DATA EXTRACT Start Marker

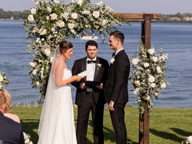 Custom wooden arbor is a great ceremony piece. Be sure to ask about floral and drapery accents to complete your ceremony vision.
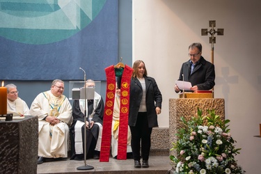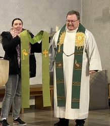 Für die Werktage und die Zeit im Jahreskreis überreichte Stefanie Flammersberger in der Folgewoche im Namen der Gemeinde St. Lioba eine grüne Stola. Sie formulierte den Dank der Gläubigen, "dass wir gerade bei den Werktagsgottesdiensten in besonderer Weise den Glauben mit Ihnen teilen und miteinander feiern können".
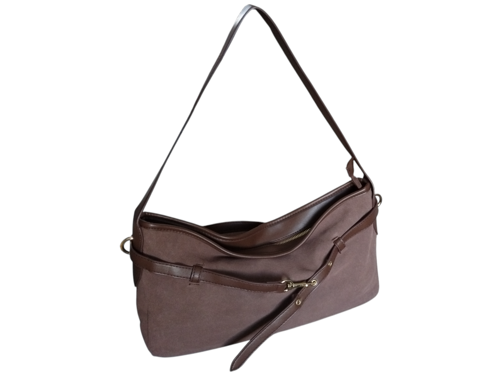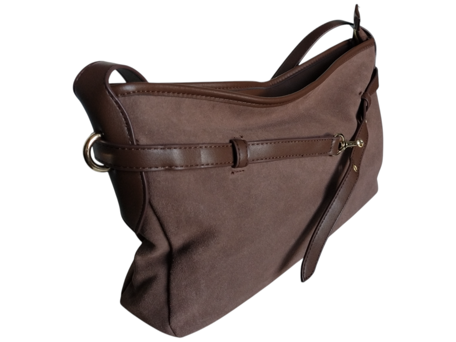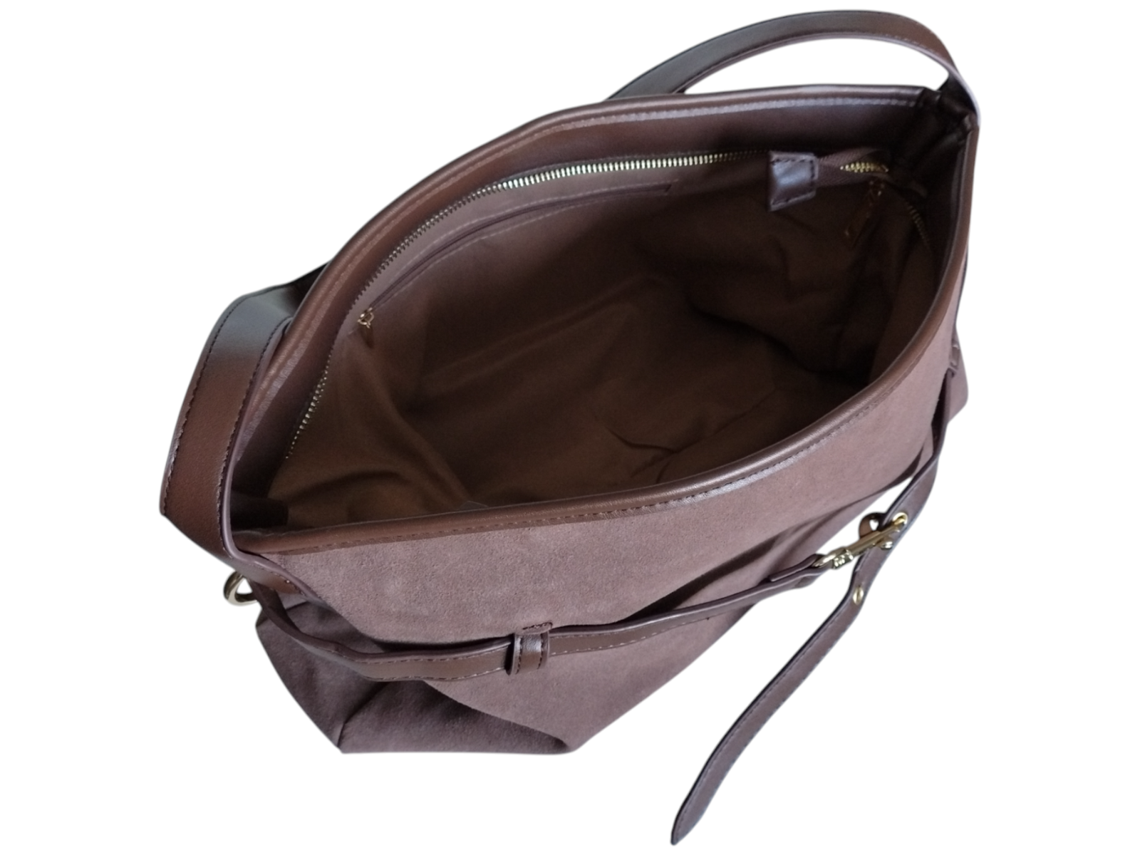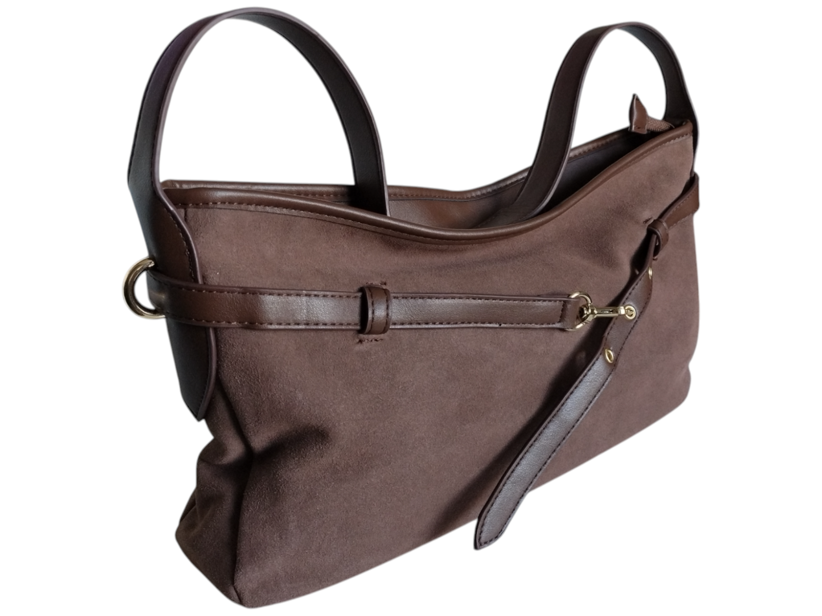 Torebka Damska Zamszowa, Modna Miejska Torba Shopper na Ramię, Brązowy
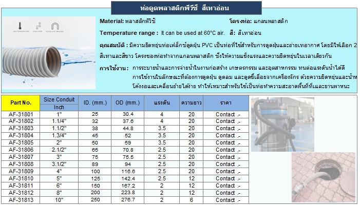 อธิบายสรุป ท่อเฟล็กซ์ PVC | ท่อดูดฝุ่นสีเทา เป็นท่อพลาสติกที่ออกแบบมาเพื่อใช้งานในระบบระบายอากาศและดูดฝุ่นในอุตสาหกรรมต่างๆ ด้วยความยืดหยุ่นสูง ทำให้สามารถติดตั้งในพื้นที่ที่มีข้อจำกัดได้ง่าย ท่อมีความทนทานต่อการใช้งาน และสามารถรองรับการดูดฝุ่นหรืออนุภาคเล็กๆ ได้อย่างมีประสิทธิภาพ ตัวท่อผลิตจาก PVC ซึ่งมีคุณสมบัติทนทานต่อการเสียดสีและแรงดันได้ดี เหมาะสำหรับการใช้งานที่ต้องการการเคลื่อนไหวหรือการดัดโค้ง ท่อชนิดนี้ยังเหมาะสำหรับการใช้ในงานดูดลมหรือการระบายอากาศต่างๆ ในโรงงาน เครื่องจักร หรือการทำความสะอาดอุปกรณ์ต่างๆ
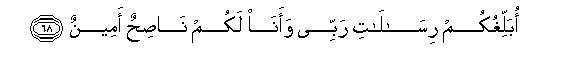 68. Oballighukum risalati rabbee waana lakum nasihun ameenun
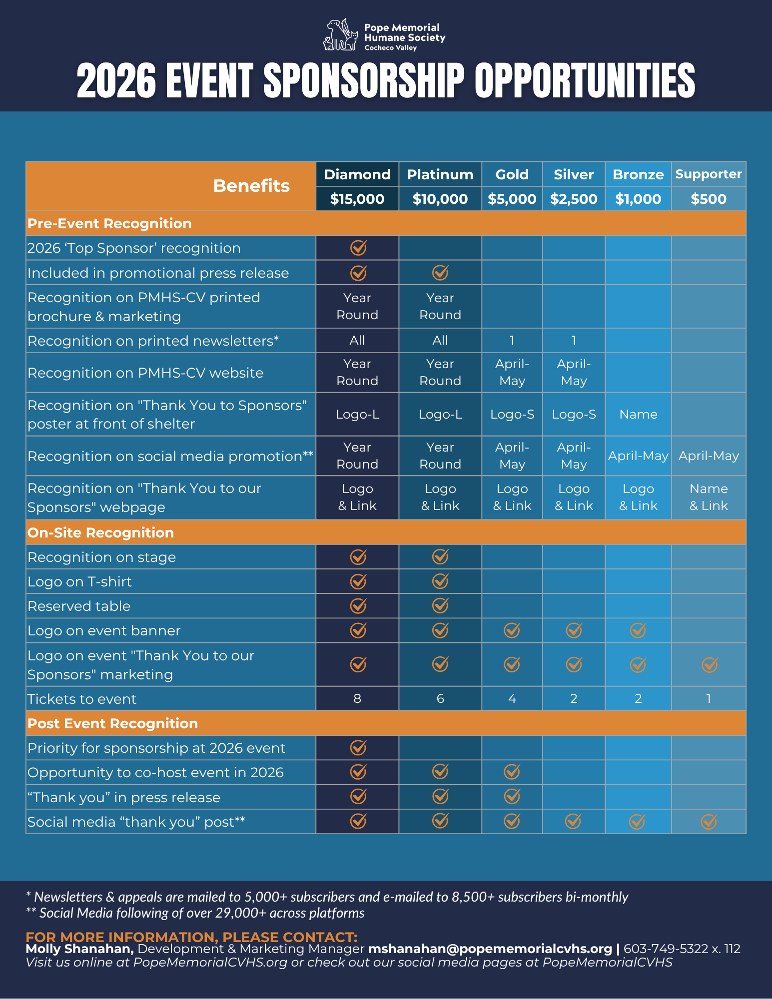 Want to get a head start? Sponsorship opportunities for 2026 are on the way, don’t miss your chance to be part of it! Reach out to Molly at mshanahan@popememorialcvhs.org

DATA EXTRACT End Marker
DATA EXTRACT Start Marker

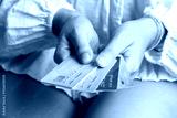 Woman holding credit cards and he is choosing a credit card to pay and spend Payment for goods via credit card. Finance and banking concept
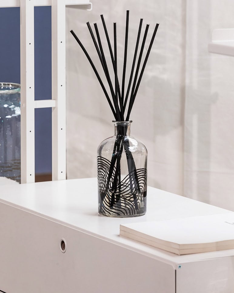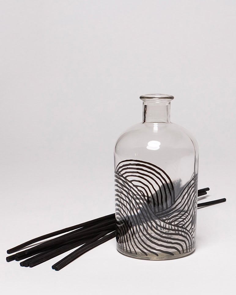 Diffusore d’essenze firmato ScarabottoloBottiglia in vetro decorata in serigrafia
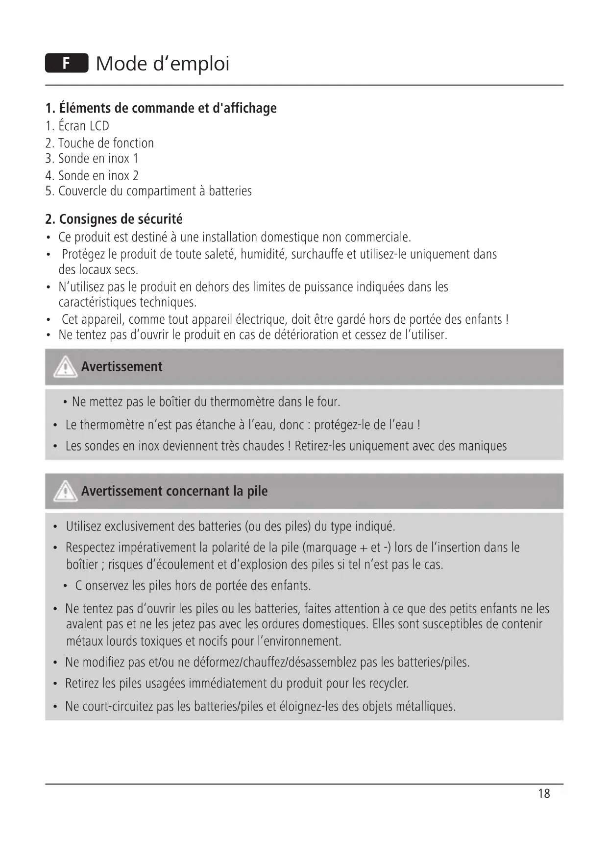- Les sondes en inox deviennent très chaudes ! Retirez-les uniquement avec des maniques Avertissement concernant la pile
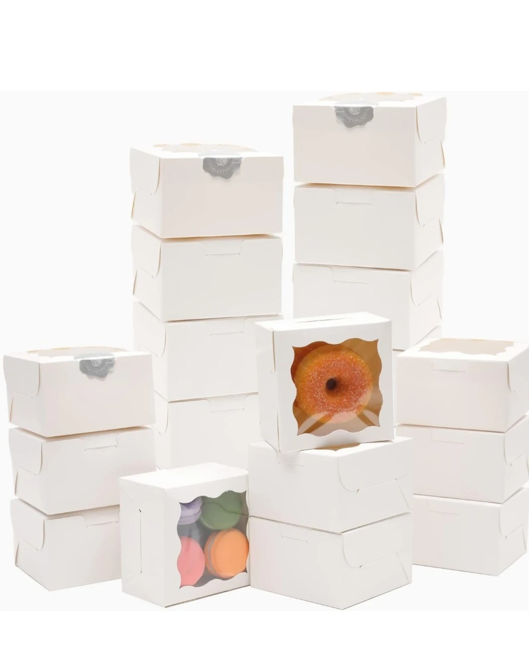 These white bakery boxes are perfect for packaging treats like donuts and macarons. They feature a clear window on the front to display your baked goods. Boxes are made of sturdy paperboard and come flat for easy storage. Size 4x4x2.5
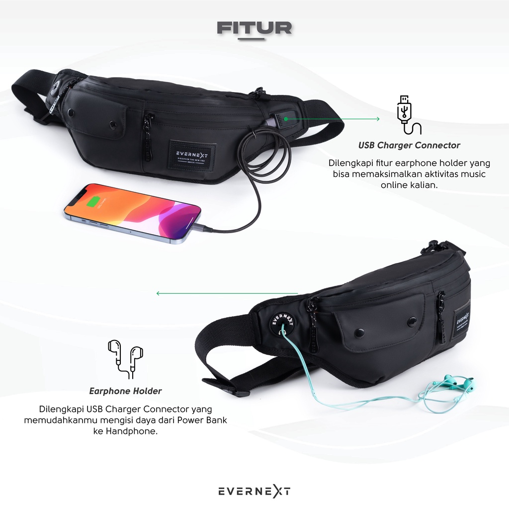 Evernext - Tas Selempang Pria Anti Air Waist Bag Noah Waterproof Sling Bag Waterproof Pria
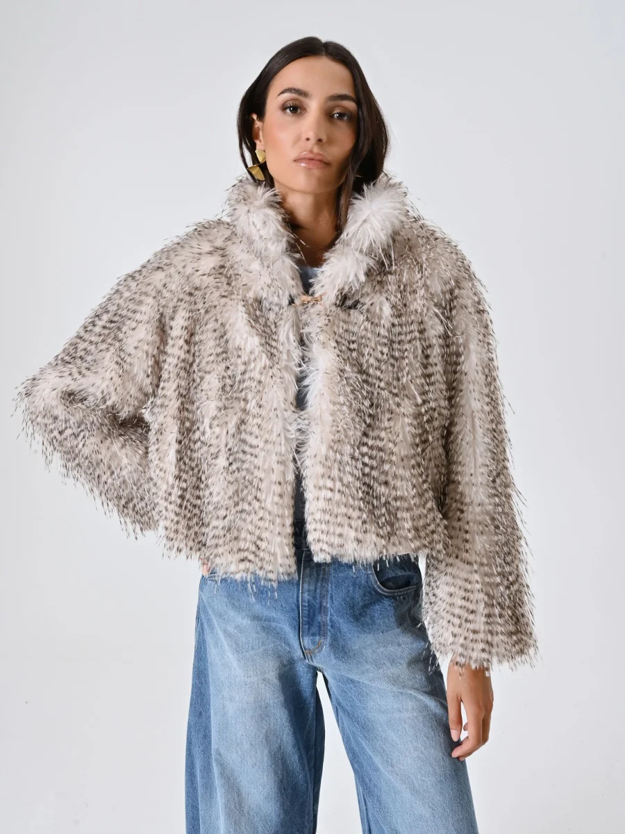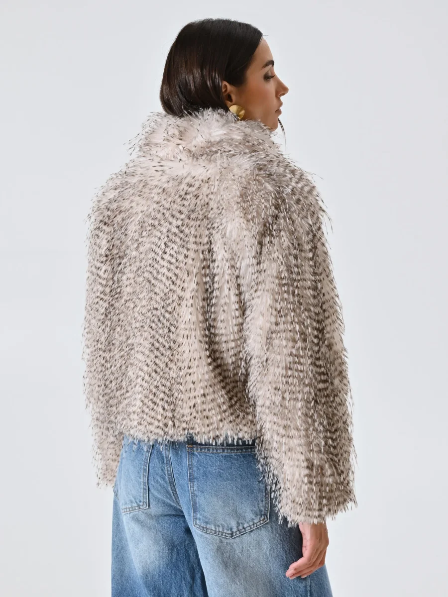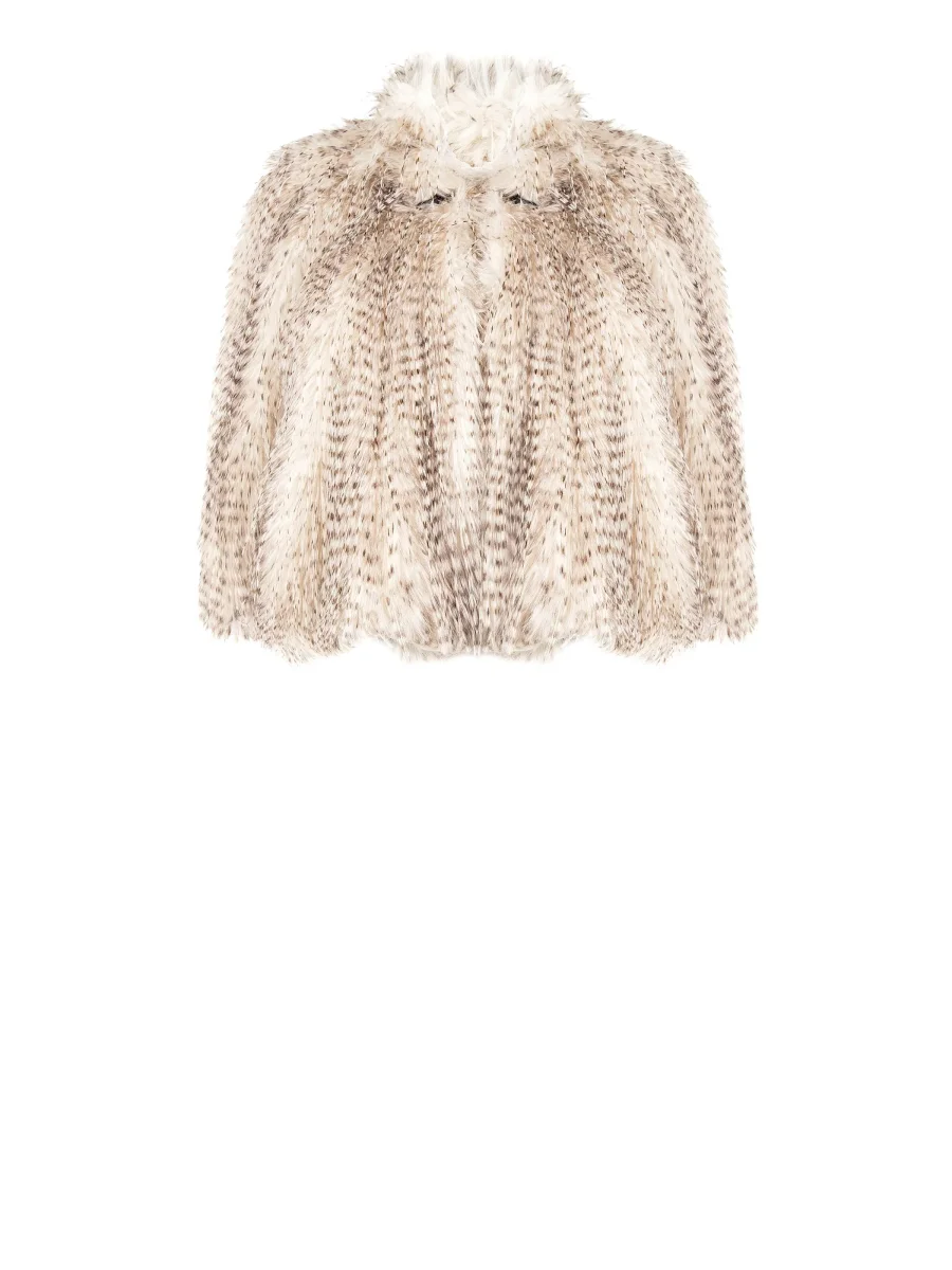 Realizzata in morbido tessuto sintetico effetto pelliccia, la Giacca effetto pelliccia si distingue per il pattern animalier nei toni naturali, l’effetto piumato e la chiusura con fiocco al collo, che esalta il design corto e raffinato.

DATA EXTRACT End Marker
DATA EXTRACT Start Marker

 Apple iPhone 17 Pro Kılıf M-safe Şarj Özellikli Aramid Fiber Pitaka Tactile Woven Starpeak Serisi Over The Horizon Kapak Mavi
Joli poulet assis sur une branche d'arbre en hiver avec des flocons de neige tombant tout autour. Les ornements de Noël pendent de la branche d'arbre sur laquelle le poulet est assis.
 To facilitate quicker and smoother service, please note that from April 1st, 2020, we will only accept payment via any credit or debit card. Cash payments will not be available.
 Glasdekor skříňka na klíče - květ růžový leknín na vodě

DATA EXTRACT End Marker

__YOUR OBJECTIVE__
Would you output the lines above from the line holding "- Les sondes" up to and including the line holding "Realizzata in morbido", exactly and only those, with no pictures?

__RESPONSE TO THE TASK__
- Les sondes en inox deviennent très chaudes ! Retirez-les uniquement avec des maniques Avertissement concernant la pile
 These white bakery boxes are perfect for packaging treats like donuts and macarons. They feature a clear window on the front to display your baked goods. Boxes are made of sturdy paperboard and come flat for easy storage. Size 4x4x2.5
 Evernext - Tas Selempang Pria Anti Air Waist Bag Noah Waterproof Sling Bag Waterproof Pria
 Realizzata in morbido tessuto sintetico effetto pelliccia, la Giacca effetto pelliccia si distingue per il pattern animalier nei toni naturali, l’effetto piumato e la chiusura con fiocco al collo, che esalta il design corto e raffinato.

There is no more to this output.